DAX date and time functions return a datetime data type. In contrast, Excel date and time functions return an integer that represents a date as a serial number.
Many of the new DAX functions either return a table of values or make calculations based on a table of values as input. In contrast, Excel has no functions that return a table, but some functions can work with arrays. The ability to easily reference complete tables and columns is a new feature in PowerPivot.
DAX provides new lookup functions that are similar to the array and vector lookup functions in Excel. However, the DAX functions require that a relationship is established between the tables.
DAX does not support the variant data type found in Excel. The data in a column is expected to always be of the same data type. If the data is not the same type, DAX changes the entire column to the data type that best accommodates all values.
You can import data into a PowerPivot worksheet from many different data sources that might support different data types.
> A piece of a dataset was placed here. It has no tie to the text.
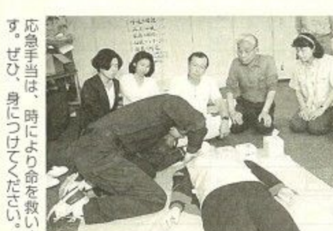
応急手当は、時により命を救います。ぜひ、身につけてください。

【問い合わせ必要】 。雨具を身につけ超ハードな体験をしてみませんか。 【地震体験】 震度1〜7の地震や関東大震災をはじめとする過去に起こった大地震の揺れを再現します。阪神・淡路大震災がどんなに恐ろしい地震だったか、震度7をぜひ体験してください。 【救急措置訓練室】 人工呼吸や心臓マッサージなど救命に必要な応急手当を身につけることができます。 月2回定期的に応急手当普及講習会を行っています。(申し込み日より案内) 【視聴覚室】 最新の映像システムにより防災学習ができます。

When you import or load the data into a workbook and then use the data in calculations or in PivotTables, the data is converted to one of the PowerPivot data types. For a list of the data types, see Data Types Supported in PowerPivot Workbooks.
The table data type is a new data type in DAX that is used as the input or output to many new functions. For example, the FILTER function takes a table as input and outputs another table that contains only the rows that meet the filter conditions. By combining table functions with aggregation functions, you can perform complex calculations over dynamically defined data sets. For more information, see Aggregations in Formulas.
The PowerPivot window is an area where you can work with multiple tables of data and connect the tables in a relational model. Within this model, tables are connected to each other by relationships, which let you create correlations with columns in other tables and create more interesting calculations. For example, you can create formulas that sum values for a related table and then save that value in a single cell. Or, to control the rows from the related table, you can apply filters to tables and columns. For more information, see Relationships Overview.
Because you can link tables by using relationships, your PivotTables can also include data from multiple columns that are from different tables.
However, because formulas can work with entire tables and columns, you need to design calculations differently than you do in Excel.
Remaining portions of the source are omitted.